The Demise of Can-Am

As admitted directly by Bombardier (see History), Can-Am’s glory only lasted three years. Commencing in 1973, the focus of Bombardier had already waned by 1976. In that short time-period, Can-Am achieved incredible success.

The mid-70’s were also the glory time for dirt bikes in themselves. Motocross had taken off in the USA, and with the Japanese manufacturers finally developing off road specific bikes, technical improvements and model changes happened on a continuous basis. Combined with emergences of some of the biggest names, such as Bob “Hurricane” Hannah, Roger Decosta and “Bad” Brad Lackey, as a sideline product, Can-Am’s were never going to receive the focus they needed to keep abreast of the developments.

Unfortunately by 1980, Bombardier realised they could never compete against the wide model selection and brand power of the Japanese manufacturers, they made the decision to exit the motorcycle market. The company had been successful, and still is, by combining conservative investment with focusing on niche markets, normally using licensed technology. In the competitive world of motorcycle racing, technical development and risk taking are often required for success

The decision was mainly based on the small number of bikes being made (a few hundred a year against over 200,000 snowmobiles) and the potential to expand their railway car business (a single contract awarded in 1980 by New York City provided over a billion dollars). The company decided to put its efforts also into another innovative idea, the Sea Doo (a jet ski).

On Bombardiers announcement of cessation of the Can-Am brand Jeff Smith was given the opportunity to salvage something. Jeff approached various manufacturers, most notably Husquavana. But there were no takers. The motorcycle industry was still in turmoil from the demise of some many brands in the 1970’s and the unstoppable momentum that the big 4 Japanese. marquees had developed.

Geoff Burgess recalls “For its death in 1982 Smitty held a Can-Am wake at Duluth MN Bombardier HQ. About 10-12 of us attended. Low and behold it rose out of the ashes again, can’t keep a good bike down I suppose”.

But like the preverbal phoenix, Jeff’s previous British racing success provided a lifeline.

Enter Armstrong/CCM of Vale Street, Blackburne Lancashire.

The turbulent history of CCM and its relationship with Armstrong Corp, is beyond the scope and purpose of this website. For full history check out Peter Henshaw’s book Rolling Thunder CCM Motorcycles: The Odyssey. However suffice to say that CCM was started by Alan Clewes from the remnants of the BSA competition department and for the past 40 years have made small numbers of off road competition focused bikes.

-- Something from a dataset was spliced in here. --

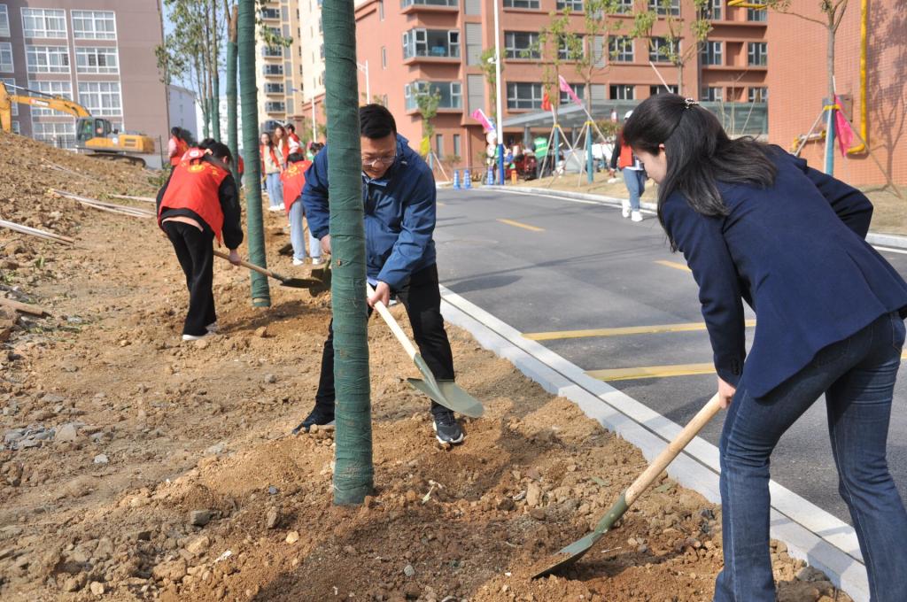 在指定植树地点,两位老师亲自参加到植树活动中,为志愿者起到了示范带头作用。志愿者们在老师们的带领下自觉分队,领取铁锨、水桶等植树工具,充分发挥团结、互助的精神,明确分工,紧密合作,有条不紊地进行着挖坑、栽植、回填、覆土、浇水等工作。最后,志愿者们在所栽种的树旁合影留念。

Armstrong Engineering Ltd were at one time an automotive component manufacturer supplying parts to Ford and British Leyland, who sought to enter the mass market motorcycle industry.

The arrangement between Jeff Smith and Alan Clewes came about from their previous acquaintance at BSA. (Jeff had won his two world titles on BSA’s). Armstrong took over the CCM concern and with Alan’s background the off road market appeared to be their best bet.

According to Peter Henshaw, the initial contact between the two men was made by Karl Poetzbelger (the managing director of Armstrong). The agreement was rapidly made in that Armstrong would build the bikes for Bombardier. This provided work , turnover and an ability of Armstrong to gear up for mass production, while Bombardier maintained their product line, while off loading the actual production.

The relationship commenced with Amrstrong producing an initial batch of 145 bikes in October 1982. This grew to an order in August 1983 for 1075 bikes, split 50/50 between motocross and enduro models. With a workforce of 50 people, until the final demise in 1987, the Armstrong/Bombardier agreement produced 4,000 bikes in its 4 years.

Failing investment and poor management at Armstrong and CCM, Can-Am ceased production in 1987. This stemmed from the breakup of the Armstrong and CCM relationship, with Armstrong Corporation falling on difficult financial times. It put the motorcycle business on the market, with Alan Clewes retaking ownership. The second sting was Bombardier’s final decision to finally exit the motorcycle market and concentrate on its transportation business lines.

The brand remained dormant until 2007, when Bombardier decided to enter the recreational market again with a quad bike. By then Bombardier was one of the world’s largest transportation companies, turning over $20 billion annually and employing over 75,000 people.

Can-Am’s during their day were criticised by the press for offering so much, but often failing to deliver. The technology – rotary valves and chassis layouts – were often criticised for being old hat when launched. The simple fact is that these bikes were design and built by a company that had no track record in motorcycle manufacturing, based in a country with no expertise or record of ever making motorcycles. Today Can-Am remains Canada’s single motorcycle marquee. Designed and brought to market in just over a year, the marquee was generally finished with 7 years (1973-1980) before the typical bugs of early designs could be worked out. Compare that to the main Japanese marquees that commenced in the 1940’s, and it wasn’t until 1970’s before the main stream considered them worthy bikes

Today, their approach to motorcycle manufacturing has come full circle, with a number of European makers setting themselves up as ‘boutique’ manufacturers. Just look at the success of KTM. Was Can-Am wrong or just too early?